Werf determines whether the files changes in the git repository with use of checksums. For user stage and for each mask, the following algorithm is applied:

  • werf creates a list of all files from add path and apply excludePaths and includePaths filters:
  • each file path from the list compared to the mask with the use of glob patterns;
  • if mask matches a directory then this directory content is matched recursively;
  • werf calculates checksum of attributes and content of all matched files.

These checksums are calculated in the beginning of the build process before any stage container is ran.

Example:

---
image: app
git:
- add: /src
  to: /app
  stageDependencies:
    beforeSetup:
    - "*"
shell:
  install:
  - echo "install stage"
  beforeSetup:
  - echo "beforeSetup stage"
  setup:
  - echo "setup stage"

This werf.yaml has a git mapping configuration to transfer /src content from local git repository into /app directory in the image. During the first build, files are cached in gitArchive stage and assembly instructions for install and beforeSetup are executed. The next builds of commits that have only changes outside of the /src do not execute assembly instructions. If a commit has changes inside /src directory, then checksums of matched files are changed, werf will apply git patch, rebuild all existing stages since beforeSetup: beforeSetup and setup. Werf will apply patch on the beforeSetup stage itself.

Dependency on CacheVersion values

There are situations when a user wants to rebuild all or one of user stages. This can be accomplished by changing cacheVersion or <user stage name>CacheVersion values.

Signature of the install user stage depends on the value of the installCacheVersion parameter. To rebuild the install user stage (and subsequent stages), you need to change the value of the installCacheVersion parameter.

Note that cacheVersion and beforeInstallCacheVersion directives have the same effect. When these values are changed, then the beforeInstall stage and subsequent stages rebuilt.

Example: common image for multiple applications

You can define an image with common packages in separated werf.yaml. cacheVersion value can be used to rebuild this image to refresh packages versions.

image: ~
from: ubuntu:latest
shell:
  beforeInstallCacheVersion: 2
  beforeInstall:
  - apt update
  - apt install ...

This image can be used as base image for multiple applications if images from hub.docker.com doesn’t suite your needs.
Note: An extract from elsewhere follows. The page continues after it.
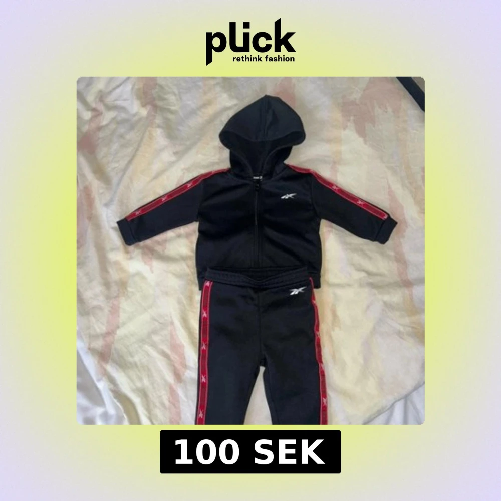 Säljer en svart hoodie från Reebok med röda detaljer längs ärmarna. Tröjan har en dragkedja framtill och en huva. Perfekt för en sportig look!

External dependency example

CacheVersion directives can be used with go templates to define user stage dependency on files, not in the git tree.

image: ~
from: ubuntu:latest
shell:
  installCacheVersion: {{.Files.Get "some-library-latest.tar.gz" | sha256sum}}
  install:
  - tar zxf some-library-latest.tar.gz
  - <build application>

Build script can be used to download some-library-latest.tar.gz archive and then execute werf build command. If the file is changed then werf rebuilds install user stage and subsequent stages.